• Entries provided
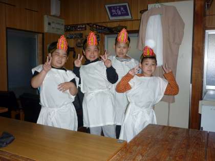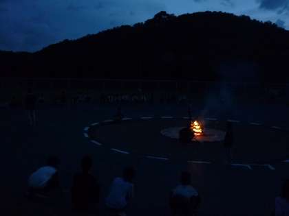 さあ,火の女神と火の子たちが,京都から大切な火をもってやってきました!キャンプファイヤーの火が無事にともるのでしょうか?
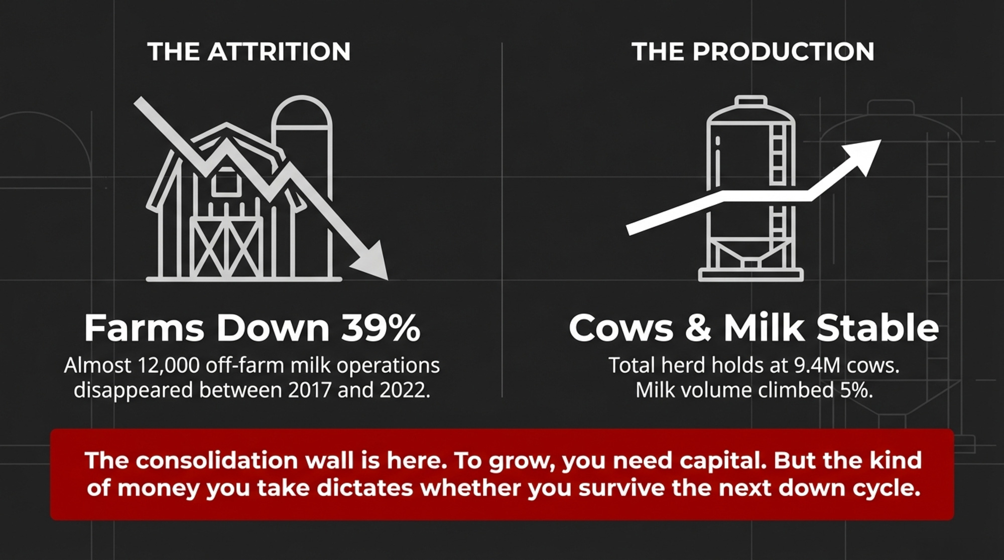 Nearly 4 in 10 U.S. dairy farms with off‑farm milk sales disappeared between 2017 and 2022. Cow numbers barely moved — still around 9.3–9.4 million head — but milk shifted hard into fewer, bigger herds. Those herds now face a blunt question: do you take fast capital and more leverage, or do you find slower money that lets you sleep at night?
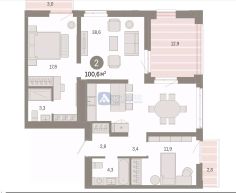 Продается двухкомнатная квартира в новостройке на 4 этаже 9-этажного дома. Общая площадь квартиры составляет 100.59 кв.м., при этом кухня занимает 38.6 кв.м. Квартира продается с черновой отделкой, что дает возможность новому владельцу воплотить в жизнь свои дизайнерские идеи.
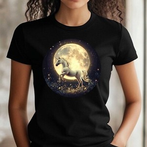 T-Shirt Frauen Einhorn an Vollmond Motiv Baumwolle Größe XS bis 3XL
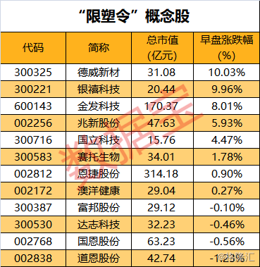 证券时报·数据宝梳理发现,A股涉及改性塑料、生物降解塑料等相关产业的公司中,今日开盘均有不俗表现,其中德威新材、银禧科技均涨停,亚太最大的改性塑料生产企业金发科技上涨8%,兆新股份、国立科技涨幅均超过4%。
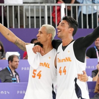 Aug 5, 2024; Paris, France; Netherlands player Worthy de Jong (54) and Arvin Slagter (44) celebrate after defeating Lithuania in the men’s 3×3 basketball semifinal
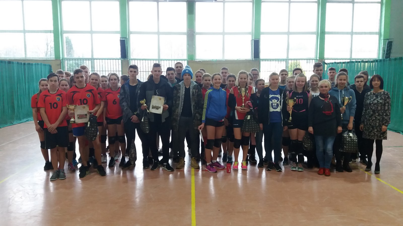 W dniu 15 listopada 2016 roku w ZSZ i O w Kartuzach gościliśmy uczniów szkół gimnazjalnych z powiatu kartuskiego, którzy brali udział w XIV Powiatowym Turnieju Gimnazjalistów w Piłce Siatkowej Drużyn Mieszanych. Jest to jedyny taki turniej rozgrywany w naszym powiecie i cieszy się bardzo dużą popularnością wśród młodzieży. W rozgrywkach, w których zespoły składały się z 3 dziewcząt i 3 chłopców, uczestniczyło pięć szkół gimnazjalnych. Zespoły grały systemem „każdy z każdym”. Łącznie rozegrano 10 spotkań, w których I miejsce zajęło Gimnazjum Publiczne Nr 2 w Żukowie. O kolejności końcowej decydowały punkty, różnica w setach, różnica małych punktów, mecz bezpośredni. Drużyna zwycięska zdominowała cały turniej wygrywając wszystkie mecze po 2:0 nie tracąc nawet seta. Na drugim miejscu uplasowało się Gimnazjum Nr 1 w Kartuzach, które punktowały w swoich trzech meczach. O trzecim miejscu zdecydowały tzw. „małe punkty” , w którym Gimnazjum z Przodkowa o 2 punkty pokonało Gimnazjum Sierakowice. Ostatnie, piąte miejsce, zajęło Gimnazjum Publiczne w Somoninie, które rozegrało dobry turniej, lecz w samych końcówkach wszystkich meczy musiało uznać przewagę i doświadczenie przeciwników przegrywając wszystkie mecze.
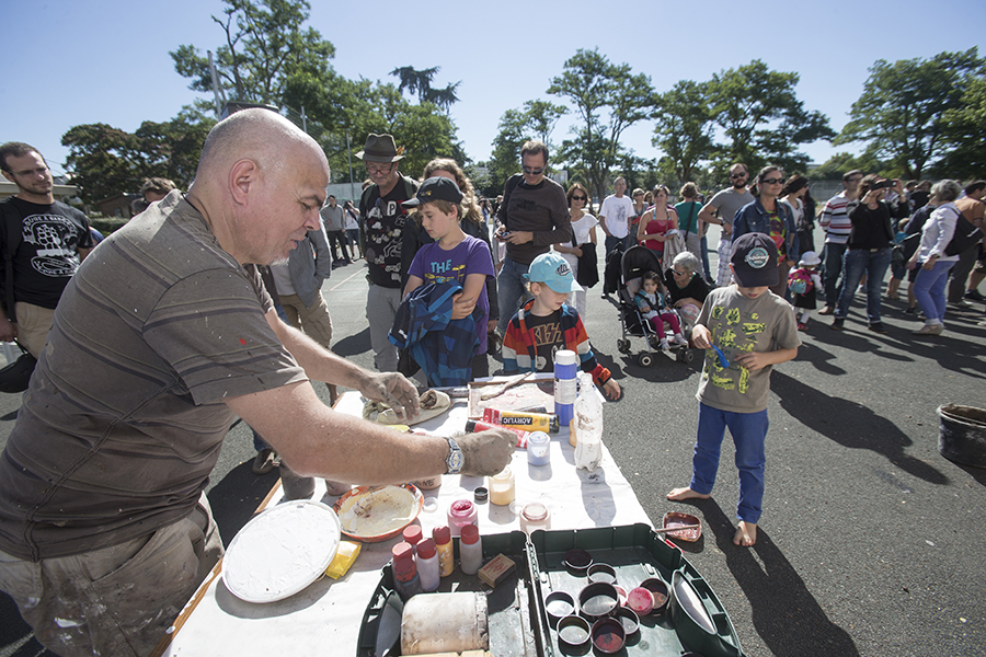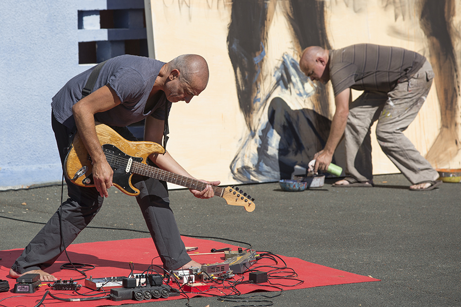 Ligne de Front. Paul Bloas, artiste peintre, colle ses géants de papier accompagné par les improvisations de Serge Teyssot-Gay, ancien guitariste de Noir Désir. (Photo: Thierry Bonnet/Ville d'Angers)
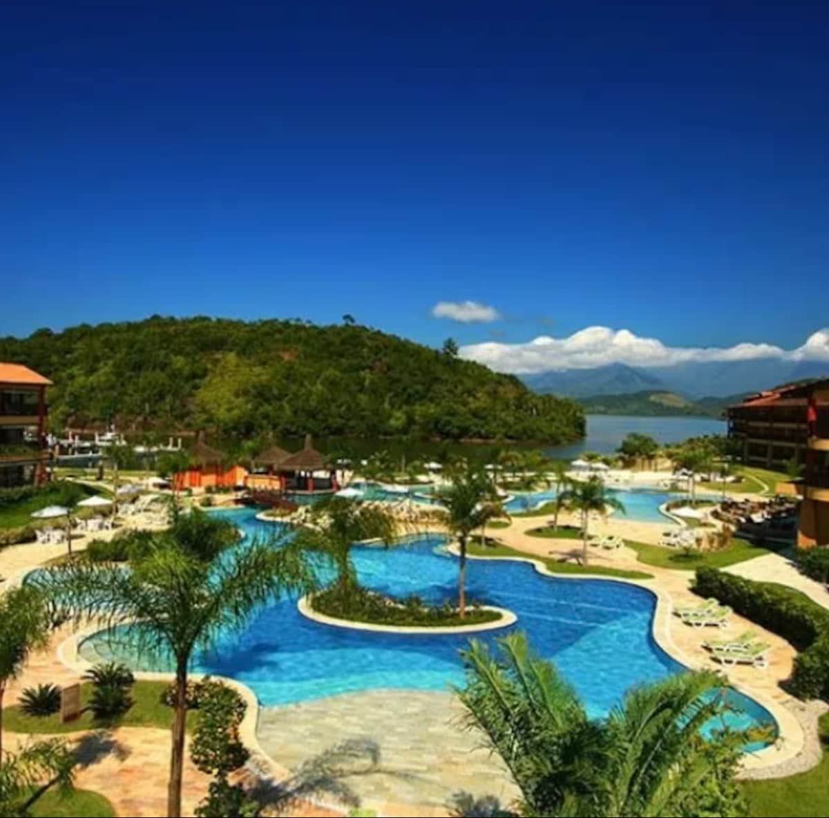 Apartamento duplex, com 02 suítes, e 01 cozinha com vista para a praia, e para a piscina, com decoração lindo, no Promenade Angra Resort & Marina, ou Melia antigo. Com capacidade para até 05 pessoas (adultos e crianças inclusas). Em caso de família grande, temos um outro apartamento idêntico, com isso (para 05 pessoas), no lado. Pode alugar os dois apartamentos para o mesmo período para 10 pessoas. Vista para a praia, montanhas e piscina. Relaxe com toda a família nesta acomodação tranquila.
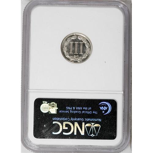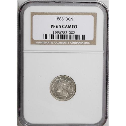 <B>1885<3CN> PR65 Cameo NGC.</B></I> Deeply mirrored silver-gray fields contrast well with the frosted devices. Tiny flecks of carbon and a planchet flaw near the D of UNITED are noted on the obverse.
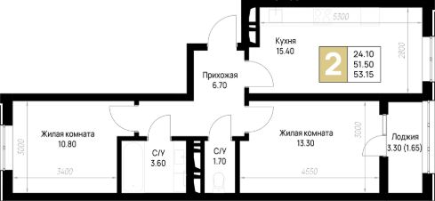 Общая площадь53,15 м²
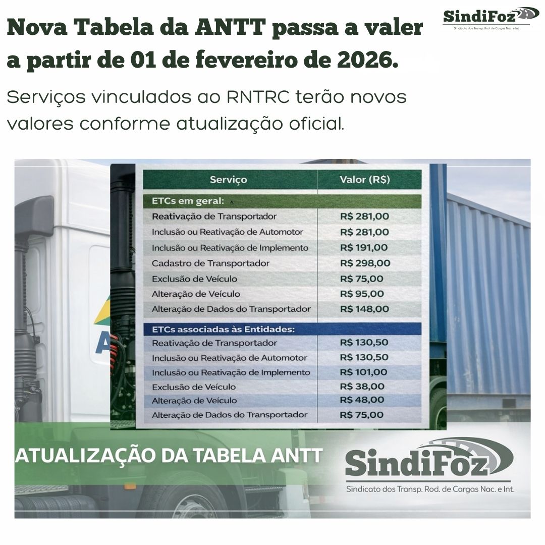 O SindiFoz – Sindicato das Empresas de Transporte Rodoviário de Cargas de Foz do Iguaçu e Região informa aos seus associados que a ANTT publicou a nova Tabela de Valores dos Serviços vinculados ao RNTRC, com vigência a partir de 01 de fevereiro de 2026.
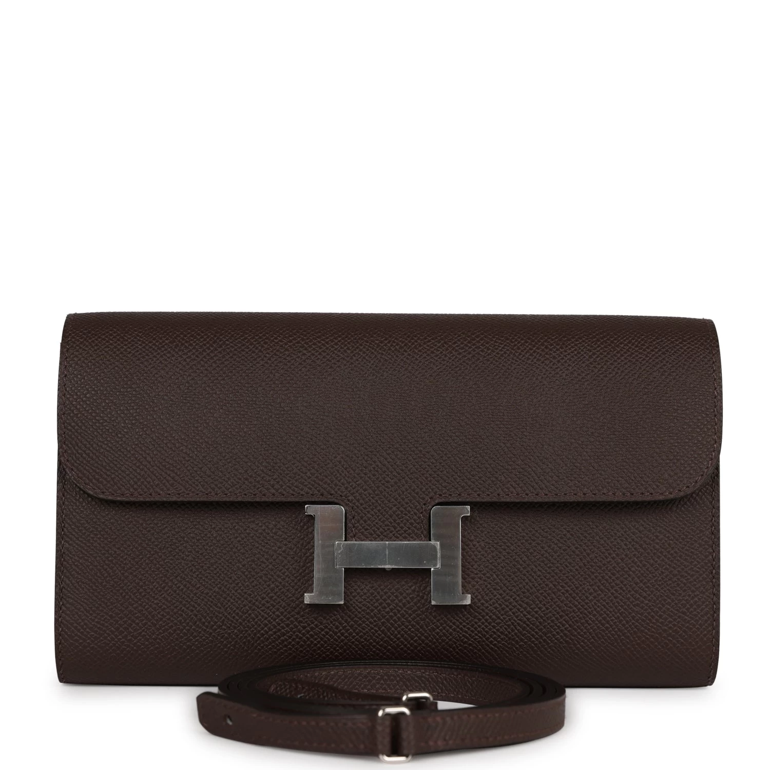 This Constance Wallet To Go is in Chocolate epsom leather with palladium hardware, has tonal stitching, metal “H” snap lock closure, open front compartment and removable crossbody strap.

• Brief
Would you transcribe the lines above exactly, going from the line bearing "T-Shirt Frauen Einhorn" through the line bearing "W dniu 15 listopada", and drop the pictures from the copy?

• Worked solution
 T-Shirt Frauen Einhorn an Vollmond Motiv Baumwolle Größe XS bis 3XL
 证券时报·数据宝梳理发现,A股涉及改性塑料、生物降解塑料等相关产业的公司中,今日开盘均有不俗表现,其中德威新材、银禧科技均涨停,亚太最大的改性塑料生产企业金发科技上涨8%,兆新股份、国立科技涨幅均超过4%。
 Aug 5, 2024; Paris, France; Netherlands player Worthy de Jong (54) and Arvin Slagter (44) celebrate after defeating Lithuania in the men’s 3×3 basketball semifinal
 W dniu 15 listopada 2016 roku w ZSZ i O w Kartuzach gościliśmy uczniów szkół gimnazjalnych z powiatu kartuskiego, którzy brali udział w XIV Powiatowym Turnieju Gimnazjalistów w Piłce Siatkowej Drużyn Mieszanych. Jest to jedyny taki turniej rozgrywany w naszym powiecie i cieszy się bardzo dużą popularnością wśród młodzieży. W rozgrywkach, w których zespoły składały się z 3 dziewcząt i 3 chłopców, uczestniczyło pięć szkół gimnazjalnych. Zespoły grały systemem „każdy z każdym”. Łącznie rozegrano 10 spotkań, w których I miejsce zajęło Gimnazjum Publiczne Nr 2 w Żukowie. O kolejności końcowej decydowały punkty, różnica w setach, różnica małych punktów, mecz bezpośredni. Drużyna zwycięska zdominowała cały turniej wygrywając wszystkie mecze po 2:0 nie tracąc nawet seta. Na drugim miejscu uplasowało się Gimnazjum Nr 1 w Kartuzach, które punktowały w swoich trzech meczach. O trzecim miejscu zdecydowały tzw. „małe punkty” , w którym Gimnazjum z Przodkowa o 2 punkty pokonało Gimnazjum Sierakowice. Ostatnie, piąte miejsce, zajęło Gimnazjum Publiczne w Somoninie, które rozegrało dobry turniej, lecz w samych końcówkach wszystkich meczy musiało uznać przewagę i doświadczenie przeciwników przegrywając wszystkie mecze.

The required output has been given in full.